Exercise directions: Return exactly the lines below, starting with the one that has "首先,郑庆国老师说我们每个人" and going on through the one that has "27. Remove the".

[[ Given data, beginning ]]

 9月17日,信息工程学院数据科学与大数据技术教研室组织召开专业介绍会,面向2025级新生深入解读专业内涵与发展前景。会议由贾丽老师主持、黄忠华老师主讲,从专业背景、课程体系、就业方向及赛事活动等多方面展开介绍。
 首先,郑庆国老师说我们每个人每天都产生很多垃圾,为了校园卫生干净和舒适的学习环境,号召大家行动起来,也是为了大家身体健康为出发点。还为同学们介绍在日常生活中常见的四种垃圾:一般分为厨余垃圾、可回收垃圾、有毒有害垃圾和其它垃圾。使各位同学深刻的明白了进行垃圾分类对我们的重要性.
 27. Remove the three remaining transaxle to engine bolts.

[[ Given data, end ]]
[[ Given data, beginning ]]

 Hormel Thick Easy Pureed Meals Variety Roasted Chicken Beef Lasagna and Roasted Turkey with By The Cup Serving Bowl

[[ Given data, end ]]
[[ Given data, beginning ]]

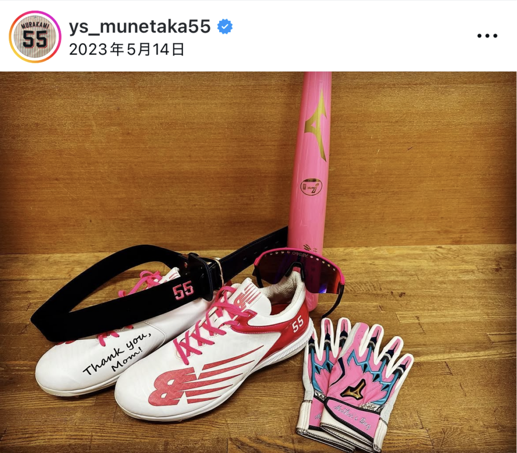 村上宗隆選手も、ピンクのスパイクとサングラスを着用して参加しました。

[[ Given data, end ]]

Response area:
 首先,郑庆国老师说我们每个人每天都产生很多垃圾,为了校园卫生干净和舒适的学习环境,号召大家行动起来,也是为了大家身体健康为出发点。还为同学们介绍在日常生活中常见的四种垃圾:一般分为厨余垃圾、可回收垃圾、有毒有害垃圾和其它垃圾。使各位同学深刻的明白了进行垃圾分类对我们的重要性.
 27. Remove the three remaining transaxle to engine bolts.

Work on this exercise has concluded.